The Path to Clinical Foundation Models
A clinically deployable PPG foundation model would need:
- Pre-training on a consortium dataset with demographic diversity (skin tone, age, BMI, health condition)
- Multi-site validation demonstrating consistent performance across device types
- Clinical concept alignment (interpretable intermediate representations that correspond to established physiological variables)
- Regulatory documentation supporting the claim that the pre-trained representations are a valid starting point for fine-tuning clinical classifiers
- An open checkpoint registry to enable research reproducibility and fair comparison
The PPG field is several years behind LLMs in this maturity curve but moving rapidly. By 2026, several research groups and companies are converging on foundation model pre-training as the default PPG AI development paradigm.
For related content, see PPG transformer models, self-supervised learning for PPG, few-shot learning for PPG, and PPG deep learning heart rate estimation.
Key Papers
- Tang, C. et al. (2023). BIOT: Cross-data biosignal foundation models via unified tokenization. NeurIPS. https://doi.org/10.48550/arXiv.2305.11457
- Goswami, M. et al. (2024). MOMENT: A family of open time-series foundation models. ICML. https://doi.org/10.48550/arXiv.2402.03885
- Vaswani, A. et al. (2017). Attention is all you need. NeurIPS. https://doi.org/10.48550/arXiv.1706.03762
- Vaid, A. et al. (2023). ECG-based multi-class arrhythmia detection using the foundation model. npj Digital Medicine, 6, 171. https://doi.org/10.1038/s41746-023-00914-9
FAQ
How is a PPG foundation model different from transfer learning from ImageNet? Transfer learning from ImageNet transfers visual feature detectors (edges, textures, shapes) to a new visual task. PPG foundation model transfer provides physiological signal feature detectors (pulse morphology, rhythm patterns, spectral components) to a new physiological task. The analogy is close: both exploit the fact that features learned on diverse, large-scale data generalize broadly.

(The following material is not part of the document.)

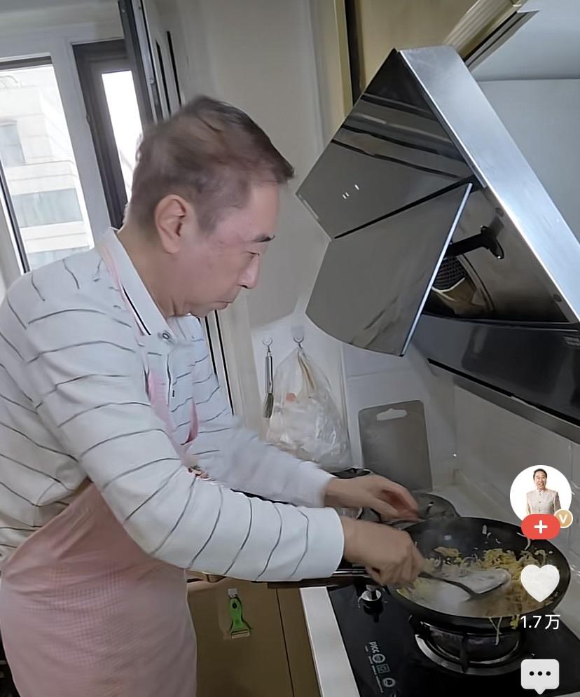 穿上粉色的圍裙,就開始下廚做飯了。哥姐年紀大了、都七八十歲了,做飯這件事情有點力不從心,馮鞏就自己包攬了。
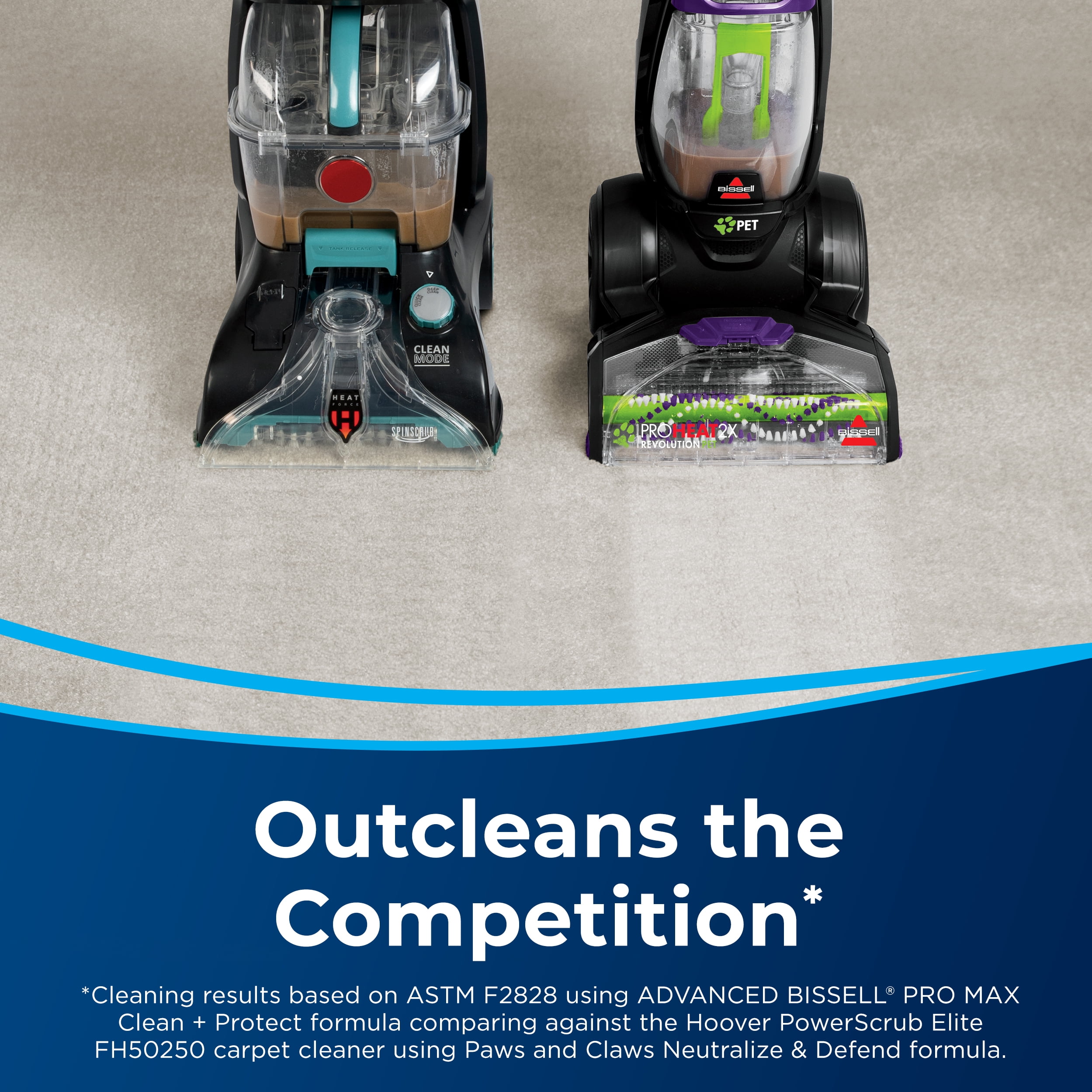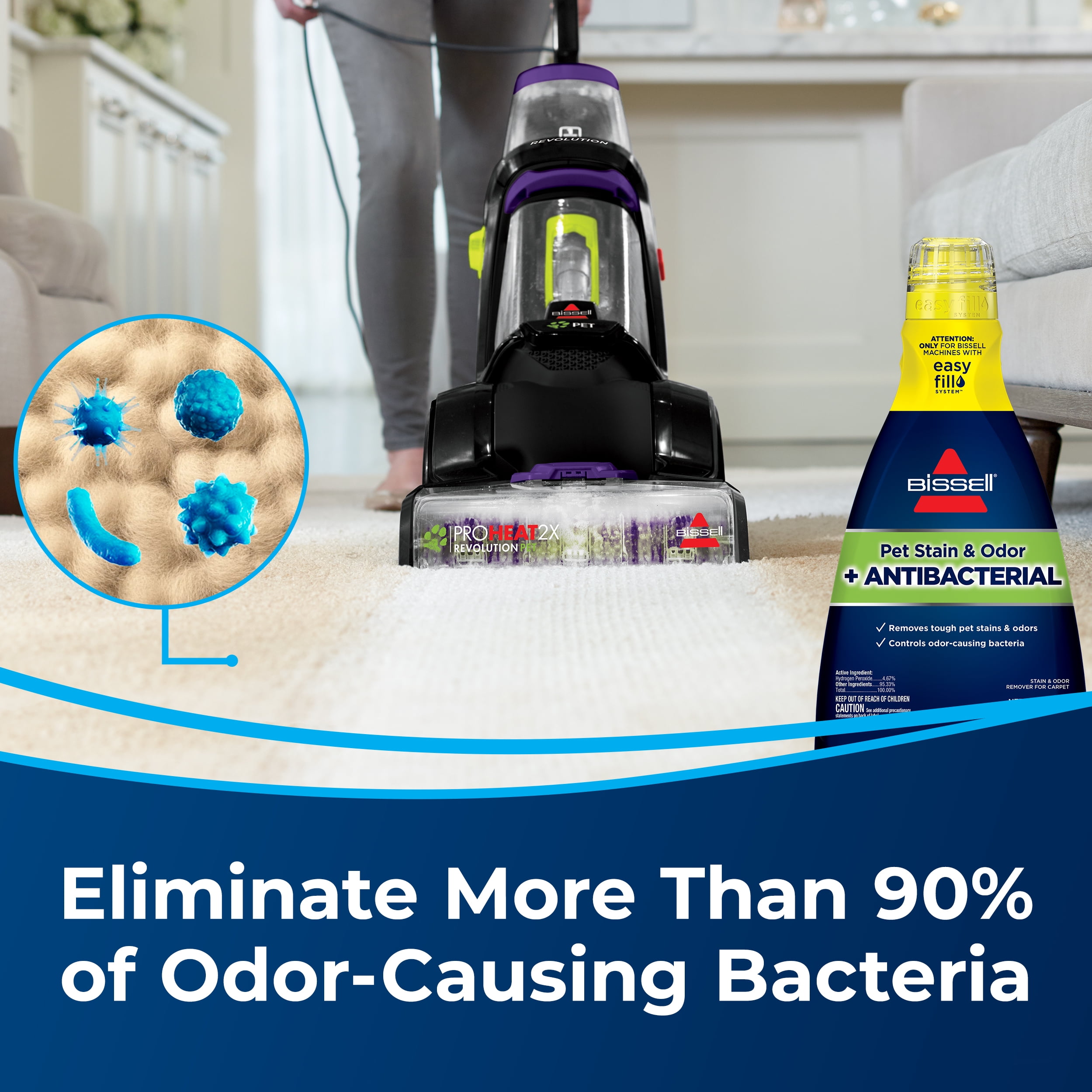 Get professional style results with BISSELL Preheats 2X Revolution Advanced carpet cleaner. It out cleans the leading rental machine and is half the weight so you can truly own your professional clean. This easy-to-use carpet cleaner was designed with a low-profile foot to clean and maneuver under and around furniture. Dual Dirt Lifter Power Brushes and powerful suction combined with BISSELL Advanced Pro Max Clean + Protect formula loosen, lift and remove embedded dirt and stains. Use with Deep Clean + Antibacterial formula to eliminate more than 90% of odor-causing bacteria. Max Clean Mode removes embedded dirt, stains, and allergens, giving you a professional-grade clean on even the dirtiest carpets.

Do PPG foundation models work without any fine-tuning at all (zero-shot)? For some tasks, yes. MOMENT demonstrates non-trivial zero-shot PPG heart rate estimation by prompting the foundation model to identify periodic patterns in the signal. AF detection at zero-shot is harder because it requires rhythm irregularity knowledge not captured in general time-series pre-training. The zero-shot capability is task-dependent and currently below fine-tuned performance for most clinical applications.
What is the minimum size for a PPG foundation model to be useful? Research suggests that ~10M parameters is a reasonable lower bound for meaningful zero-shot transfer. Smaller models (< 1M parameters) benefit from foundation model pre-training in the few-shot setting but show limited zero-shot capability. The sweet spot for clinical PPG applications is 50-200M parameters: powerful enough for broad generalization, small enough to fine-tune on modest compute.
Can a foundation model pre-trained on PPG be used for ECG tasks? Cross-modality transfer depends on modality similarity. PPG and ECG share cardiac timing information but have different waveform morphologies. Foundation models trained on both modalities simultaneously (like BIOT) transfer better between modalities than PPG-only models. PPG-only foundation models show limited but non-zero transfer to ECG tasks, particularly for rhythm-based applications where timing patterns dominate.
How long does PPG foundation model fine-tuning take in practice? With a frozen backbone and a task-specific head, fine-tuning converges in 10-20 epochs on a dataset of 20-50 subjects, which runs in 30-60 minutes on a single GPU. Full model fine-tuning adds 1-3 hours. This is dramatically faster than training from scratch (8-24 hours for equivalent datasets), which is one of the practical advantages of the foundation model paradigm.